Von deutscher Seite war vorgeschlagen worden, den Vertrag möglichst bald in Kraft zu setzen, wozu die Gegenseite das neue handelspolitische Ermächtigungsgesetz in Anwendung gebracht hätte. Wir wiesen darauf hin, dass bei uns der Bundesrat nur Handelsprovisorien, nicht aber eigentliche Handelsverträge vorläufig in Kraft setzen könne und wir deshalb unbedingt die Ratifikation durch das Parlament abwarten müssten. Dieses tritt bekanntlich erst am 27. September zusammen, sodass die Schweiz frühestens am 15. Oktober zum Austausch der Ratifikationsurkunden bereit sei, wodurch der Vertrag erst auf 15. November in Kraft gesetzt werden könnte. Deutscherseits wurde erwidert, dass in diesem Falle die Anwendung des Ermächtigungsgesetzes keinen Sinn habe und man den normalen Weg beschreiten werde, d.h. der Ratifikation durch den Reichstag in seiner Novembersession. Man ist also darüber einig, dass vor dem 1. Dezember die Ratifikationsurkunden gewechselt werden sollen, und zwar in Berlin, und dass der Vertrag auf 1. Januar 1927 in Kraft gesetzt wird5.

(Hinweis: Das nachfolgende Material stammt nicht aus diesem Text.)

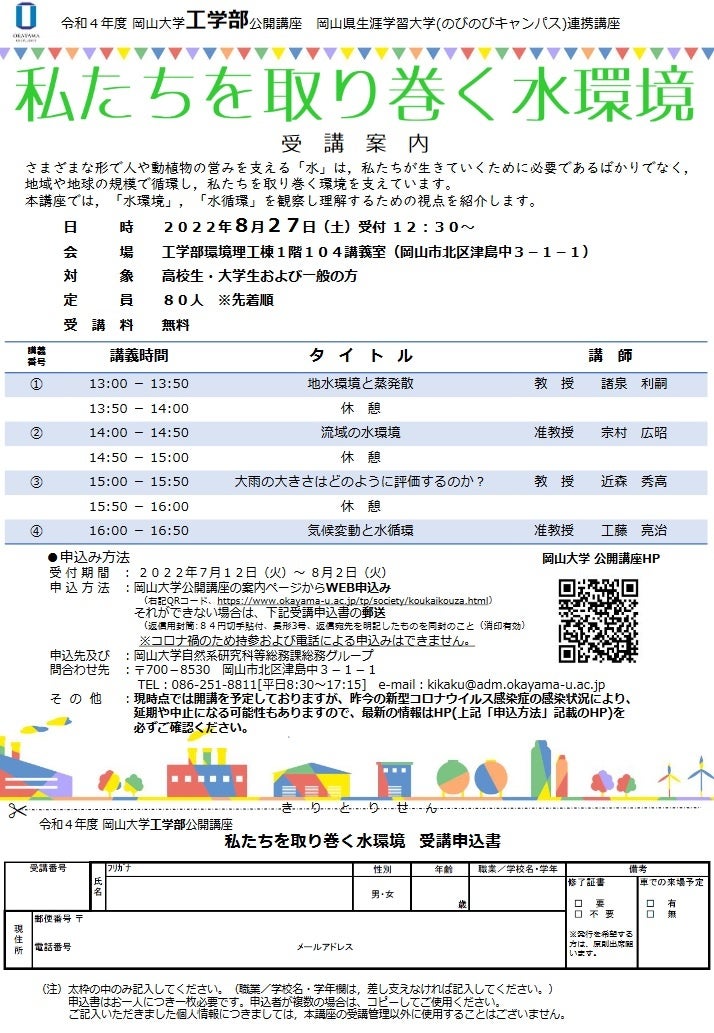 国立大学法人岡山大学(本部:岡山市北区、学長:槇野博史)の工学部では2022年度の公開講座を2022年8月27日(土)に、高校生・大学生および一般の方を対象に開催します。

Von Seiten des hiesigen deutschen Gesandten ist in letzter Stunde noch der Wunsch geäussert worden, den Vertrag mitzuunterzeichnen, offenbar weil sonst einzig Herr Windel ein ungenügendes Gegengewicht gegen die ganze schweizerisehe Delegation gebildet hätte. Dem Wunsche musste natürlich entsprochen werden, was dazu führt, dass schweizerischerseits auch Herr Bundesrat Schulthess mitunterschreibt.
Wenn auch zahlreiche schweizerische Wünsche nicht oder ungenügend befriedigt worden sind, so betrachten wir doch den Vertragsschluss als durchaus vorteilhaft, den Vertrag selber wenn nicht als gut, so doch als erträglich. Auf Einzelheiten einzugehen würde selbstverständlich zu weit führen. Dagegen sind wir sehr gerne bereit, Ihnen in jeder Beziehung über alle Punkte Aufschluss zu geben, die Ihnen nach der Prüfung des Vertrages noch unklar sein sollten. Selbstverständlich wird es uns sehr interessieren, über die Aufnahme, die der Vertrag bei den deutschen Behörden, der Presse und den Interessenten findet, orientiert zu werden.